Halfive Virtual Machine Specification

SPDX identifier: COIL-1.0

Copyright Nomagno 2021, 2022

It is recommended to use the “.h5asm” extension for H5VM assembly documents (where applicable). H5VM assembly is identified by the MIME type text/h5asm

It is recommended to use the “.h5bin” extension for H5VM binary executables (where applicable). H5VM binary drives are identified by the MIME type application/h5bin

It is recommended to use the “.h5drive” extension for H5VM read-only drives (where applicable). H5VM binary drives are identified by the MIME type application/h5drive

The Halfive virtual machine


The Halfive virtual machine, henceforth referred to H5VM, is a standardized, but not fully defined, execution engine for code. This code may be interpreted directly from the assembly format, executed directly from the binary format, or executed in any other equivalent way.

The H5VM Instruction notation

The instruction set for the virtual machine is composed of precisely 16 instructions, whose functioning is documented with the following notation: inst ARG1 ARG2, where ARGx may be noted as either Vx, Rx, or ID. There are three types of arguments: literals, pointers, and addresses.
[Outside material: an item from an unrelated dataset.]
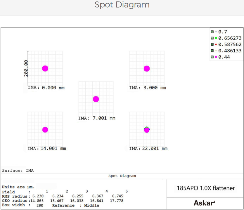The Askar 185APO 1x Full Frame Flattener is specifically designed for the Askar 185APO refractor. It does not alter the telescope’s native focal ratio, which remains f/7 after installation. Its primary function is to correct field curvature and coma, delivering a flat field and finer star shapes across the entire image frame.
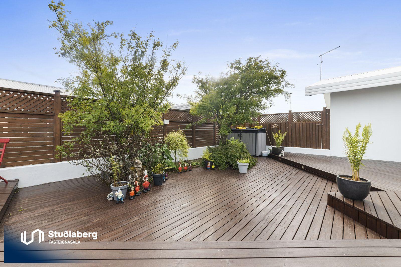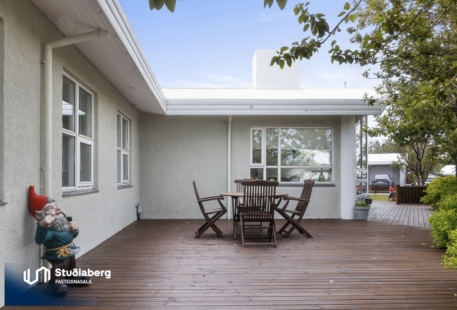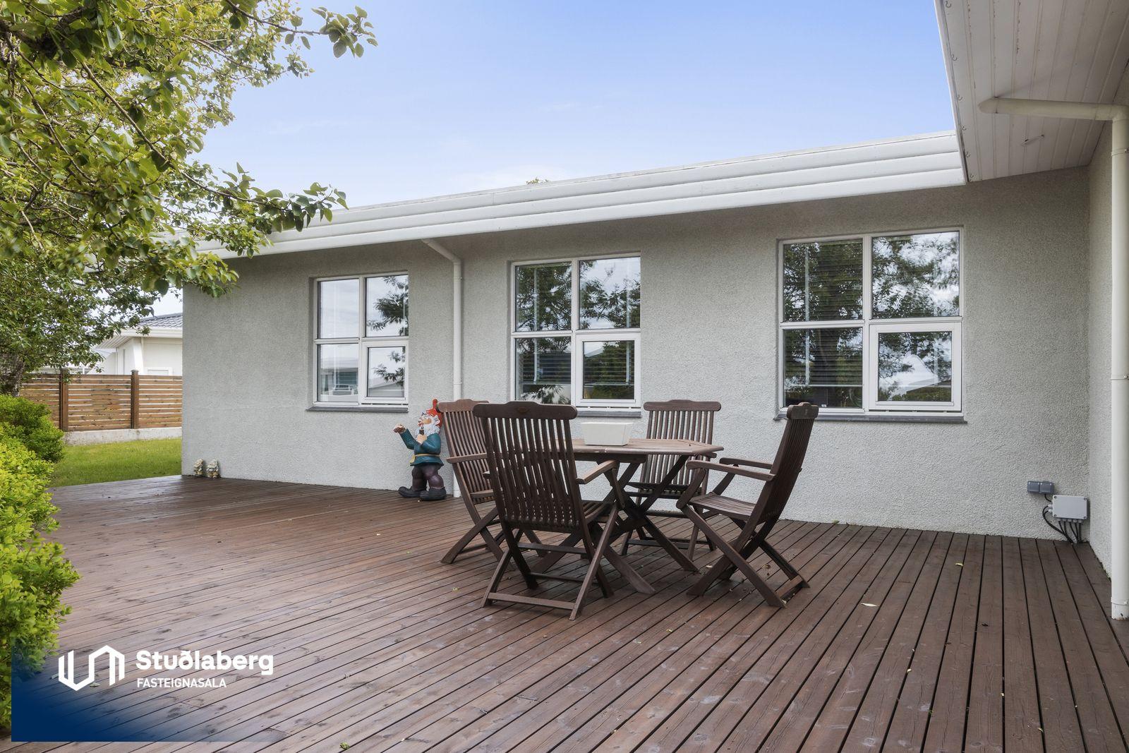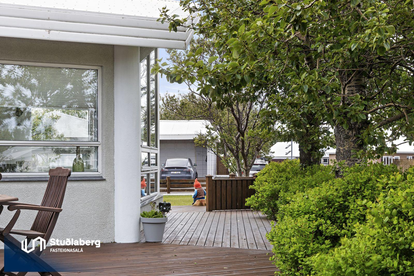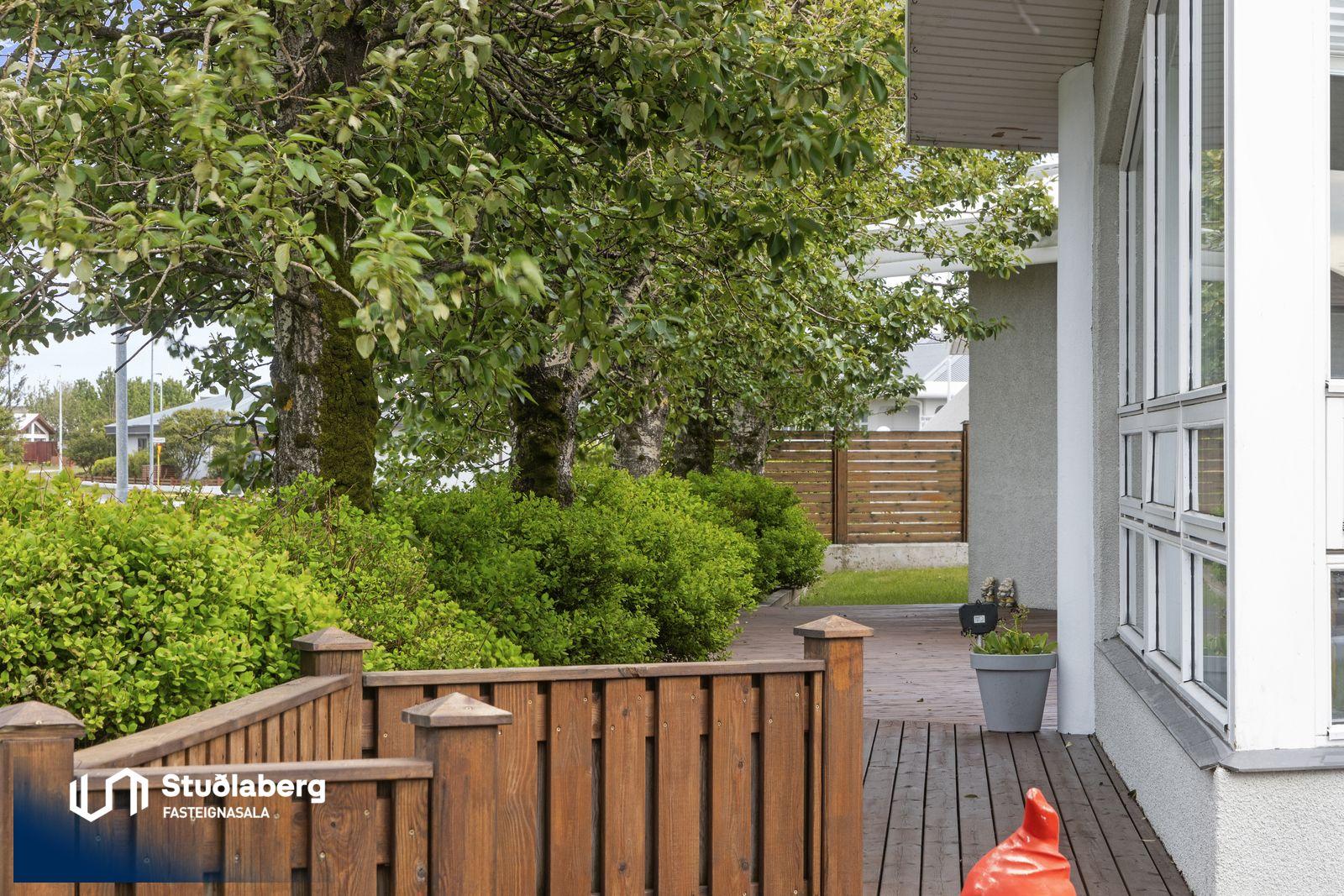 *Veröndin er stór og afgirt. *fallegur viðarpallur með heitum pott. *stórt steypt upphitað bílaplan.

Literals are prefixed by equal =XXXX, pointers by and &XXXX, and addresses are not XXXX. All are always written down in hexadecimal base when not talking about the binary format. Arguments of type Vx take literals, pointers and addresses, those of type Rx take only addresses and pointers, and the ones denoted ID take only literals. POINTERS AND LITERALS SHALL NEVER BE COMBINED IN AN INSTRUCTION’S ARGUMENTS


H5VM Memory layout (Code memory and data memory)

IMPORTANT NOTE: ALL MEMORY IN CODE AND DATA MEMBERS HAS TO BE INITIALIZED TO 0 (ZERO)!

Following the legacy Harvard architecture, H5VM loads code and data separately into different ‘chips’, memory sections, or however it may be implemented. The executable section will be henceforth referred to as ‘code member’, and the data section will be henceforth referred to as ‘data member’.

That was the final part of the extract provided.